The energy transition poses new challenges to all parties within the energy sector. Grid operators, grappling with the upsurge in renewable energy and heightened electrification, find their grid capacities nearing physical limitations. Therefore, it is imperative to forecast grid load in the upcoming hours to days, enabling the anticipation of local congestion and thereby optimal utilization of existing assets.

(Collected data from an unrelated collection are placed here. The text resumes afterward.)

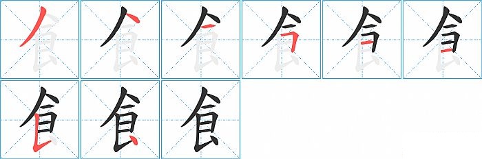 《飠》字的笔顺分步演示图(一笔一画写汉字)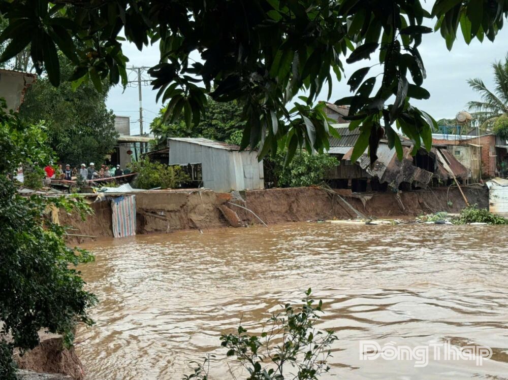 Hiện trường khu vực sạt lở tại khu vực ấp Tân Quới, xã Tân Long (đoạn từ bến đò An Long đến Bưu điện) vào đêm 27 và rạng sáng ngày 28-10-2025.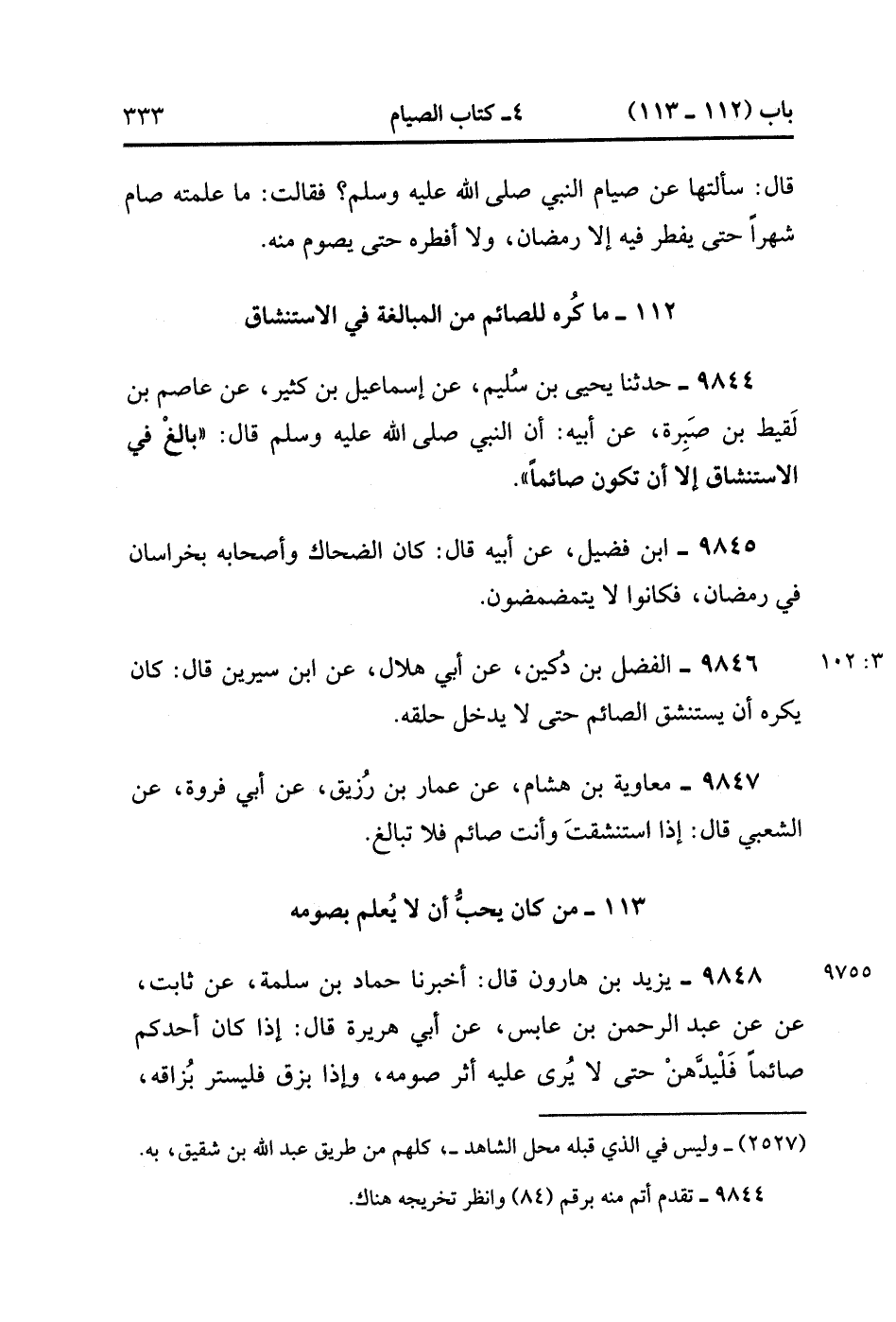 112- مَا كُرِه لِلصَّائِمِ مِنَ الْمُبَالَغَةِ فِي الاِسْتِنْشَاقِ.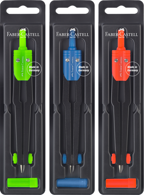 * Qualité et fonctionnalité associées au design - telle est la devise de l'entreprise Faber-Castell. * Mais en plus des designs tendance, Faber-Castell propose également une technologie robuste. * Ce compas est idéal pour une utilisation scolaire et réalise des cercles d'un diamètre allant jusqu'à 360mm. * L'ensemble est livré dans une boîte de rangement en plastique robuste et avec des mines de rechange. * Ces compas sont fournis dans des couleurs assorties : vert, rouge et bleu.

OpenSTEF provides a complete software stack specifically engineered to forecast the load on the electricity grid for the next hours to days. Given a timeseries of measured (net) load or generation, a fully automated machine learning pipeline is executed which delivers a probabilistic forecast of future load. This is applicable to energy consumption, renewable generation, or a combination of the two. OpenSTEF does not stop at forecating: it validates input data, combines measurements with external predictors such as weather data and market prices, trains any scikit-learn compatible machine learning model, and delivers the forecast via both an API and an (expert) graphical user interface.
The entire stack, crafted on open-source technology and adhering to standards, is organized in a microservice architecture optimized for cloud-deployment.
Resilient: As forecast availability is critical in energy sector applications OpenSTEF deploys multiple fallback stategies. This way a forecast is always available. When a fallback forecast is issued this is always labeled as such making it possible to reconstruct on which forecasts a decision is based.
Cloud based and platform agnostic OpenSTEF is fully containerized and runs on any container platform. A reference implementation is available that can be deployed directly. Most users will however have a unique IT landscape in which case the modular nature of OpenSTEF enables users to easily addapt openSTEF to their environment.
Probabilistic forecasts Making decisions can be difficult, openSTEF enables to make risk-based decisions by providing probabilistic forecasts. This way users can work towards a standard policy to react to predicted events.
Split forecasts in energy source components With an increasing fraction of renewable sources in the energy mix balancing the grid can be challenging. OpenSTEF provides insight in the fraction of wind and solar power generation. This is relevant for EU commision regulation No. 543/2013
There are four repositories regarding OpenSTEF:
OpenSTEF: Basis of all the repositories. Automatic machine learning pipelines. Builds the Opensource Short Term Forecasting package.
OpenSTEF-dbc: Provides (company specific) database connector for OpenSTEF package.
OpenSTEF-reference: Deploy the entire OpenSTEF stack on your machine. Provides a reference implementation of the OpenSTEF stack including datamodels, databases and UI.
OpenSTEF-offline-example: Provides Jupyter Notebooks showing how to use OpenSTEF and apply it’s functionality to your usecase.
These repositories can be found on the Github page: OpenSTEF/.